→ ASSIGNMENT
Reproduce all of the data below without alteration; exclude every picture.
===== INFORMATION SUPPLIED =====
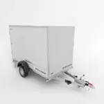 Eingebauter Anhänger für den Transport von Gütern, die einen besonderen Schutz von außen benötigen. Innen mit einem Blatt mit Löchern zur Sicherung der Ladung mit Förderbändern ausgestattet. Wasserdichte Innenwände aus wasserfestem Sperrholz, mit Silikon versiegelt. Doppelte Tür mit Schlüsselschloss als Standard. Möglichkeit, die Türen durch eine Auffahrrampe zu ersetzen.
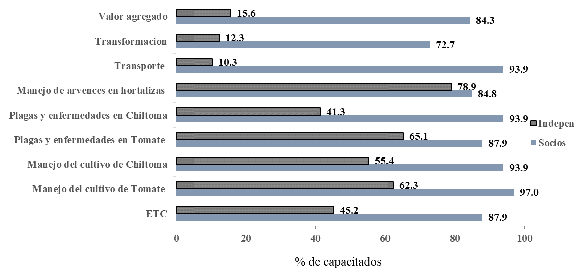 Nota: el gráfico representa el porcentaje tanto de socios como de productores individuales que se han capacitado en los diferentes temas de manejo del cultivo de tomate y chiltoma.
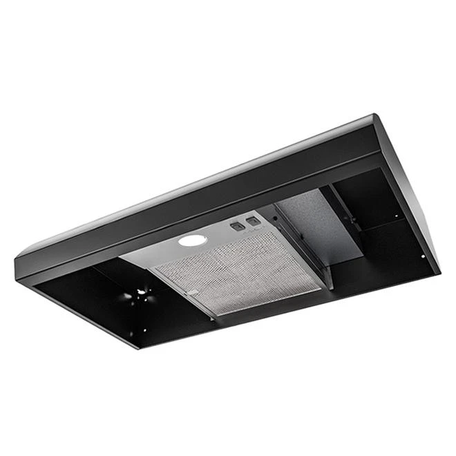 The slightly rounded design and sleek black finish of the Broan BXT1 Series range hood enhances the contemporary touch of your kitchen. Hidden switches provide a clean, highly aesthetic finish and are easy to use. The large, dishwasher-safe filter, fully integrated lighting panel and upward-facing recirculation grille ensure easy maintenance. The hood has a maximum fan power of 270 CFM and provides single level lighting with powerful LED lights. Its sounds volume registers at 7 sones. The four-way convertibility makes it easy to fit the hood into your kitchen setup. Black model.
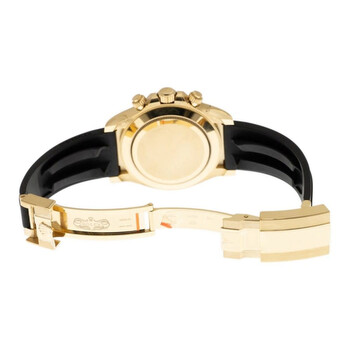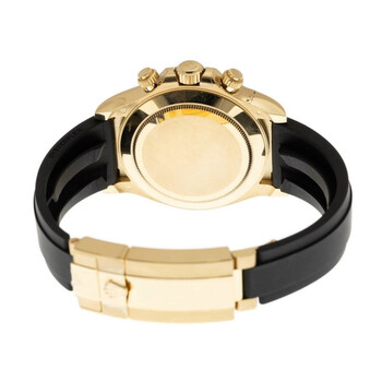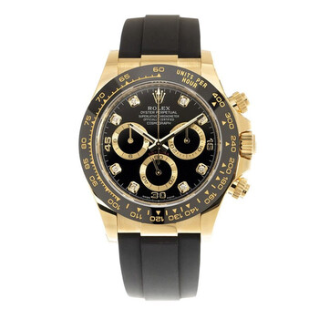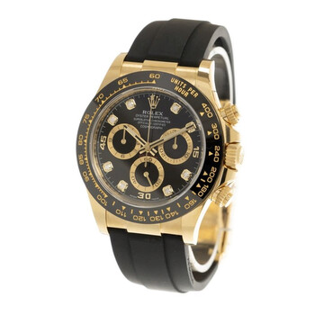 18kt yellow gold case with a black rubber strap. Fixed black bezel showing tachymeter bezel. Black dial with yellow gold-tone hands and diamond hour markers. Minute markers around the outer rim. Dial Type: Analog. Luminescent hands. Chronograph - three sub-dials displaying: 60 second, 30 minute and 12 hour. Rolex calibre 4130 automatic movement, based upon Rolex 4030, containing 44 Jewels, bitting at 28800 vph, and has a power reserve of approximately 72 hours. Scratch resistant sapphire crystal. Screw down crown. Solid case back. Round case shape. Case size: 40 mm. Oyster clasp. Water resistant at 100 meters / 330 feet. Functions: chronograph, hour, minute, small second, chronometer. Additional Info: original box, manual (complete accessories). Daytona Series. Luxury watch style. Watch label: Swiss Made. Rolex Daytona Chronograph Automatic Chronometer Diamond Black Dial Unisex Watch 116518BKDR.
=====
→ SOLVED EXERCISE
 Eingebauter Anhänger für den Transport von Gütern, die einen besonderen Schutz von außen benötigen. Innen mit einem Blatt mit Löchern zur Sicherung der Ladung mit Förderbändern ausgestattet. Wasserdichte Innenwände aus wasserfestem Sperrholz, mit Silikon versiegelt. Doppelte Tür mit Schlüsselschloss als Standard. Möglichkeit, die Türen durch eine Auffahrrampe zu ersetzen.
 Nota: el gráfico representa el porcentaje tanto de socios como de productores individuales que se han capacitado en los diferentes temas de manejo del cultivo de tomate y chiltoma.
 The slightly rounded design and sleek black finish of the Broan BXT1 Series range hood enhances the contemporary touch of your kitchen. Hidden switches provide a clean, highly aesthetic finish and are easy to use. The large, dishwasher-safe filter, fully integrated lighting panel and upward-facing recirculation grille ensure easy maintenance. The hood has a maximum fan power of 270 CFM and provides single level lighting with powerful LED lights. Its sounds volume registers at 7 sones. The four-way convertibility makes it easy to fit the hood into your kitchen setup. Black model.
 18kt yellow gold case with a black rubber strap. Fixed black bezel showing tachymeter bezel. Black dial with yellow gold-tone hands and diamond hour markers. Minute markers around the outer rim. Dial Type: Analog. Luminescent hands. Chronograph - three sub-dials displaying: 60 second, 30 minute and 12 hour. Rolex calibre 4130 automatic movement, based upon Rolex 4030, containing 44 Jewels, bitting at 28800 vph, and has a power reserve of approximately 72 hours. Scratch resistant sapphire crystal. Screw down crown. Solid case back. Round case shape. Case size: 40 mm. Oyster clasp. Water resistant at 100 meters / 330 feet. Functions: chronograph, hour, minute, small second, chronometer. Additional Info: original box, manual (complete accessories). Daytona Series. Luxury watch style. Watch label: Swiss Made. Rolex Daytona Chronograph Automatic Chronometer Diamond Black Dial Unisex Watch 116518BKDR.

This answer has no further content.